The same casual attitude pervaded agency oversight of commercial flights made by employees. Weaknesses included failing to obtain the lowest or most reasonable airfares available, failing to book flights in advance to obtain lower airfares, failing to limit the number of employees on flights, and failing to maintain adequate documentation justifying employee travel. We also discovered that the Travel Center did not accurately record airline codes designating fare categories and was careless in recording charges for flights booked by nonemployees who participated in the Commonwealth’s trade missions. There was also inadequate oversight by the Department of General Services of the Travel Center’s operations.
We are aware that standards for the appropriate use of state-owned and state-chartered aircraft have been obscured to some extent by inconsistent policies and a lengthy history of various past practices. It is our hope that your administration will review the shortcomings revealed in this audit and put in place standards that require reasonable cost containment as well as accountability, in the form of more precise documentation. These goals also underlie our recommendations on employee travel. We urge agencies to demonstrate a commitment to containing costs by scrutinizing both the need for employee travel and the reasonableness of travel expenses. We also urge the Department of General Services to participate in this process by monitoring the operations of the Commonwealth Travel Center.

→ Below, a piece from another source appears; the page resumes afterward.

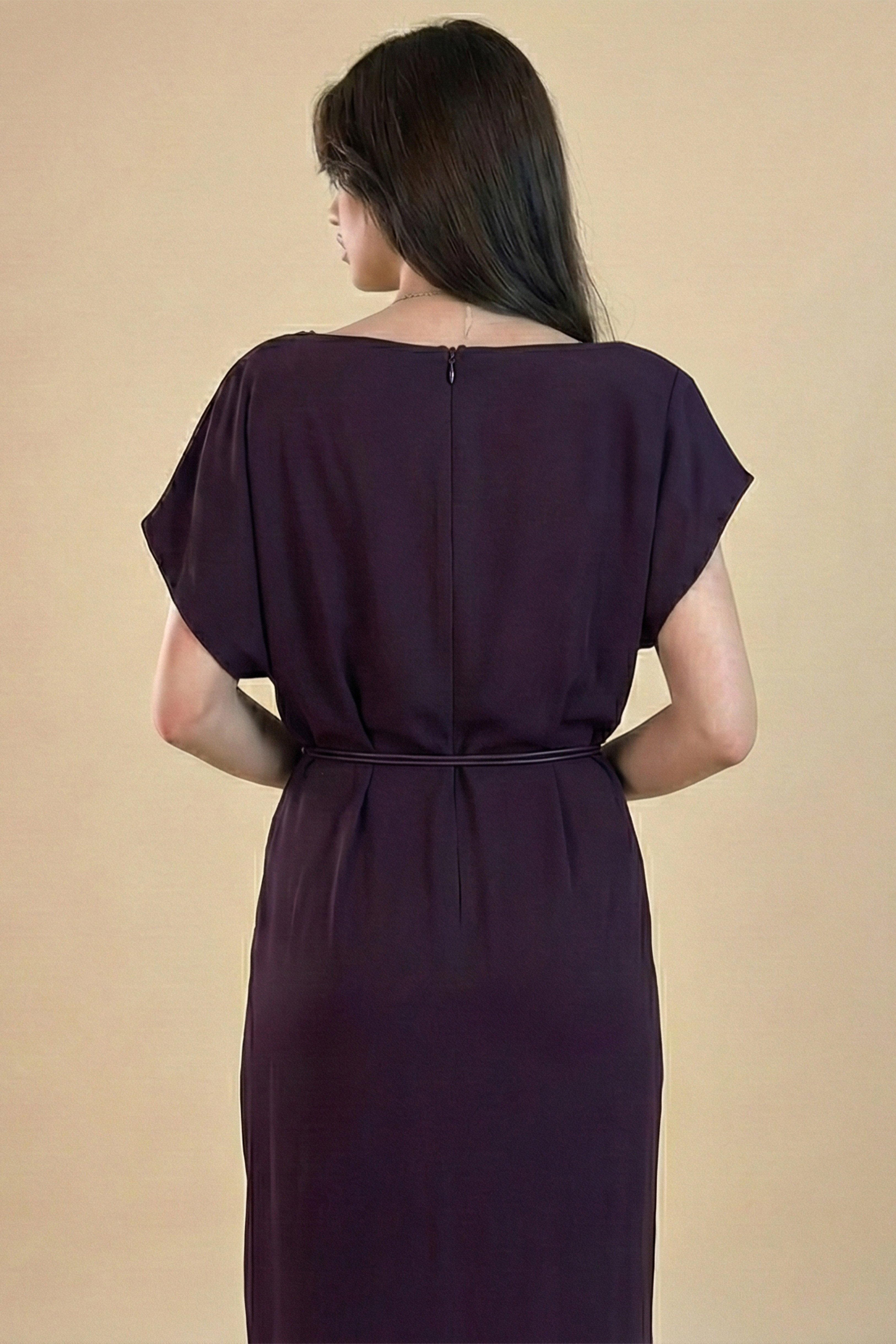 نوع القصة: فستان ماكسي كريب بحزام على شكل وردة بأكمام قصيرة وياقة دائرية

Finally, we note that the issuance of this audit report was significantly held up because of numerous lengthy delays on the part of the former administration in responding to requests for information and providing documentation necessary to complete the audit. Moreover, in many instances information initially provided by management turned out to be incomplete, necessitating numerous rounds of follow-up inquiries which further delayed issuance of the report. Such delays notwithstanding, we are confident that our findings and recommendations remain highly relevant and urge that they be carefully considered by your administration.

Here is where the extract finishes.